Dia melihat sekitar; mainan menghilang, foto menghilang dari frame, sepatu kecil Daniel tak lagi ada di samping pintu. James kembali menuju kamar Daniel dan berhadapan dengan dinding dimana pintu kamar Daniel harusnya berada. Dia meraba dinding kosong, ujung jarinya gemetar. Dia bentur-benturkan kepalanya ke dinding. Rasa sakit ini seperti mimpi. “Kenapa kau lakukan ini?”
“Ini. Yang kau ingin. Dan aku belajar. Banyak.”
“Tidak mungkin. Orang-orang akan bertanya, orang-orang akan curiga: polisi, rumah sakit, tetangga!”
“Mereka. Sudah. Melupakannya. Mereka hanya. Ingat. Apa yang aku kehendaki. Sepertimu.”
James meremas kepalanya yang pening, “Akankah, setidaknya, aku mengingatnya setelah ini?”
“Kau. Bisa mencoba. Tapi pikiranmu. Menggagalkanmu. Sekarang semua. Bagian dirinya. Jadi bagian diriku. Lagi.”
James duduk di lantai, mengamati permukaan dinding kosong dimana pintu Daniel sebelumnya berada. Di ujung mata, dia melihat makhluk itu mendekatinya dan merasakan tangan berlendir itu menyentuh bahunya, namun dia tak berpaling ke arahnya.
“Jika aku tak mengingat apapun tentang hal ini.” Katanya. “Lalu kenapa kau memberitauku?”
“Karena. Seorang ayah.

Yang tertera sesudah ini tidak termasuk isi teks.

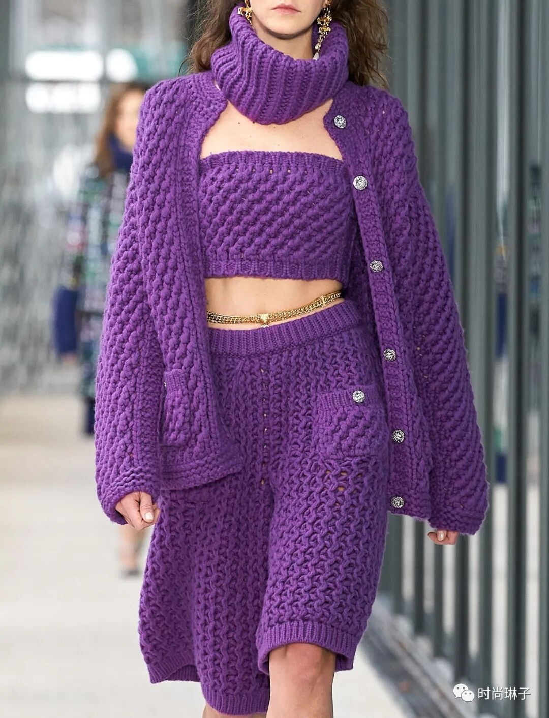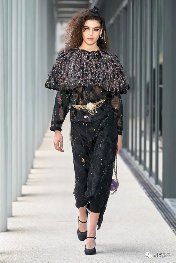 无论是三维编织的紫色短款上衣搭配裙裤,还是街头风的涂鸦刺绣,或是金银配饰等等,都体现了工匠们精益求精的技艺,以及尽善尽美的制衣艺术。

Harus tau”
Dan lalu, James sendirian.

***

Kadang, Abigail khawatir dengan keadaan James.
Saat mereka bertemu setahun yang lalu, dia bilang dia tidak pernah menikah dan tak pernah punya anak, namun ada semacam ekspresi terluka saat dia mengatakan kalimat terakhir. Abigail tau ekspresi macam apa itu. Abigail, beberapa kali, pernah bertemu orang tua yang kehilangan anaknya. Kau akan belajar mengenali ekspresi itu.
Dan ada hal lain tentang James yang membuatnya khawatir, juga. Kadang dia memergoki James memandangi bagian dinding tertentu, alisnya berkerut penuh konsentrasi, berusaha mencari sesuatu. Namun, nampaknya James tak menyadari apa yang dia lakukan. Dan lagi, soal insomnia, dan kebiasaan berjalan saat tidur juga. Ya, banyak hal yang dia khawatirkan. Tapi, cintanya pada James tak pernah berubah.
James masih saja berkata dia tak pernah punya anak, dan Abigail juga tidak pernah. Abigail ingin, tapi tak mungkin, dan dia khawatir James tak akan mau hidup bersama wanita yang tak bisa jadi ibu (walaupun James berkata dia tidak seperti itu). Ada saat-saat—seringkali dan lebih sering lagi-dimana James tidur sambil berjalan. Bahkan, saat Abigail berpikir dia akan melakukan apapun—benar-benar apapun—agar dia bisa mempunyai anak perempuan bagi dia dan James untuk dirawat, Abigail seolah-olah mendengar suara berisik dan aneh di dalam rumah dan melihat sosok ganjil di sudut-sudut gelap ruangan.
Dan saat itu, dia benar-benar ketakutan. Tapi tak pernah tau mengapa.